Central Government liabilities are expected to amount to Rs 155,000,000,000 in FY23
In a written response to a question posed to the Lok Sabha on July 25, Minister of State for Finance Pankaj Chaudhary said overall central government liabilities are expected to increase to Rs155.33 lakh crore in FY23.
This will be an increase of Rs138.88 lakh crore or 12% from the FY22 total. In FY23, the Center plans to issue bonds to raise a market record gross borrowing amount of Rs14.95 lakh crore. As of July 25, the federal government had 84.45 lakh crore in securities outstanding.
In his response, Chaudhary said the government’s debt risk profile “stands out as safe and reasonable in terms of accepted standards of indicator-based approach to debt sustainability.”
“The majority (about 95%) of public debt is held in local currency. Multilateral and bilateral organizations provide low-cost financing for outstanding external debt,” the minister said.
Interestingly, the Centre’s liabilities are expected to reach 60.2% of GDP in FY23. The Centre’s liabilities decreased to 58.7% of GDP in FY22 as the economy was recovering from the coronavirus outbreak, after peaking at 61.6% of GDP in FY21.
Not only by rating agencies but also by technocrats, India’s public debt has often been recognized as a major economic vulnerability. Fitch Ratings said India’s public finances “remain a credit vulnerability” in June this year, even though it raised its outlook on India’s rating from negative to stable.

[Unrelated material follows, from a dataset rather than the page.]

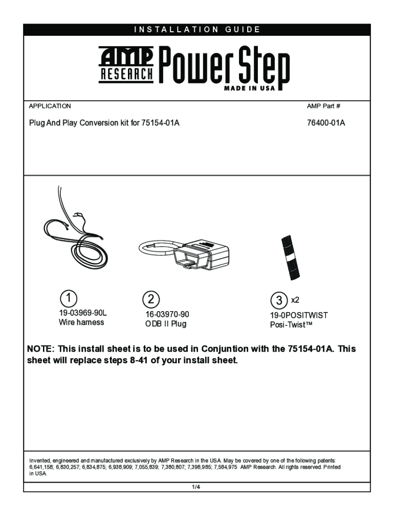 INSTALLATION GUIDEAPPLICATIONAMP Part #Plug And Play Conversion kit for 7515401A7640001A1

The Center will issue bonds this year to finance its expenses, borrowing a record amount on the markets. It aims for a budget deficit of 6.4% of GDP. 20 basis points lower than the updated target of 6.9%, the fiscal deficit in FY22 was 6.7% of GDP.
According to Chaudhary’s response to another question, the combined federal and state government liabilities in FY22 were Rs195.49 lakh crore or 82.6% of GDP. It was not anticipated how much state government liabilities might increase in FY23.